Lord Caradon of Britain, president of the Council, met this morning with Corneliu Manescu, president of the General Assembly. Since the Middle East issue is on the agenda of the current Assembly session, it was believed that Lord Caradon and Mr. Manescu discussed the possibility that the Assembly might debate the Middle East issue before it concludes its current session about June 1. Mr. Manescu also had a visit from the Egyptian Ambassador, Mohamed Awad el-Kony.

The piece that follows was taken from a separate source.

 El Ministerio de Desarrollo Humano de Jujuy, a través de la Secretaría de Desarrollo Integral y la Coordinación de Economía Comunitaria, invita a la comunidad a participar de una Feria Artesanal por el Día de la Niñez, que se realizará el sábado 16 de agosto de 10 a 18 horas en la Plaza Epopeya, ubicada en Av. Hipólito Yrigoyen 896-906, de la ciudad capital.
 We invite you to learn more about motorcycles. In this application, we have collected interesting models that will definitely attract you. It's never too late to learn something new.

Israel accused Lebanon today, in a letter to the Security Council, of having joined the rest of the hostile Arab bloc in aiding and encouraging Arab sabotage inside Israel. Ambassador Yosef Tekoah of Israel told Lord Caradon, president of the Security Council, that the Government of Lebanon had opened a recruiting office in Beirut for the enrollment of Arab terrorists and had established a training center “for Lebanese young men for joining the Fedayeen movement.” The training center, according to Mr. Tekoah, is in the Lebanese town of Sidon.

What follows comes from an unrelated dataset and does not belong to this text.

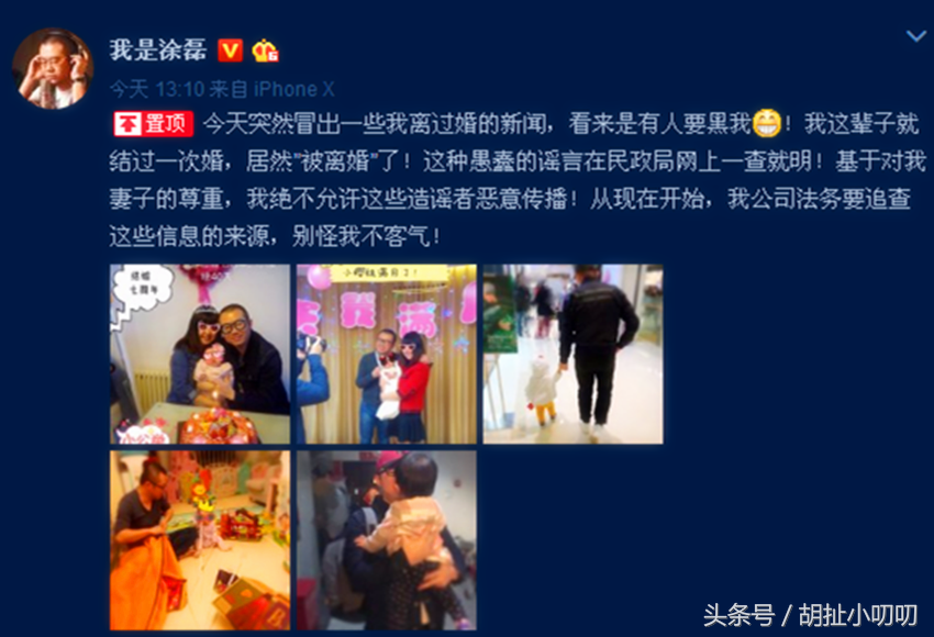 涂磊发文:“今天突然冒出一些我离过婚的新闻,看来是有人要黑我!我这辈子就结过一次婚,居然”被离婚”了!这种愚蠢的谣言在民政局网上一查就明!基于对我妻子的尊重,我绝不允许这些造谣者恶意传播!从现在开始,我公司法务要追查这些信息的来源,别怪我不客气!”看来,涂磊老师是很尊重妻子的,所以发微博给那些传言的人。

Mr. Tekoah’s letter replied to one earlier this week by the Lebanese Charge d’Affaires, who complained that Israel had shelled a Lebanese village near the Israeli border inflicting at least three civilian casualties.

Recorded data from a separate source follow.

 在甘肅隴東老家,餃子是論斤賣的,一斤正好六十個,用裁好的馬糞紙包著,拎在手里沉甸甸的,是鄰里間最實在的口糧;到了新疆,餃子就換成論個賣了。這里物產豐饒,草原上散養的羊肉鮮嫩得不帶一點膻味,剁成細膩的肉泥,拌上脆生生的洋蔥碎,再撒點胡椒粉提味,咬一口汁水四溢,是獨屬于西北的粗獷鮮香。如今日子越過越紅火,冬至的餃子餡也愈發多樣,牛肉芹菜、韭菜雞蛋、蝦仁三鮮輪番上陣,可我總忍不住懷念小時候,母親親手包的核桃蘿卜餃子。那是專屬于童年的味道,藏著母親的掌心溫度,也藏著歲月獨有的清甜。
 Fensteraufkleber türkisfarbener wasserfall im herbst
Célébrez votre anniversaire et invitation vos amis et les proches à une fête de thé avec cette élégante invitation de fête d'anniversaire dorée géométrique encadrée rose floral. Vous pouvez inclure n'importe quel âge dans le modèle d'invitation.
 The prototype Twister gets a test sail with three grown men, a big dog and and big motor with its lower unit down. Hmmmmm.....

Mr. Tekoah charged that Lebanon’s Prime Minister had “publicly pledged support to warfare by terror. He encouraged Lebanese nationals to join organizations conducting such warfare and promised them arms to fight Israel.” Regarding the shelling of the Lebanese village, which Mr. Tekoah said occurred as a result of the shelling of an Israeli village from the Lebanese side, Mr. Tekoah said “it is regrettable that Arab regular and irregular forces frequently choose to emplace their firing positions within or adjacent to inhabited points thus exposing the local civilian population to the hazards of Arab aggression.” Mr. Tekoah accused Lebanon of violating the cease-fire agreement and stated: “Israel has respected and will continue to respect the cease-fire with Lebanon on a basis of reciprocity. As long as no attacks are carried out from Lebanese territory, tranquility prevails in the Israel-Lebanon sector.”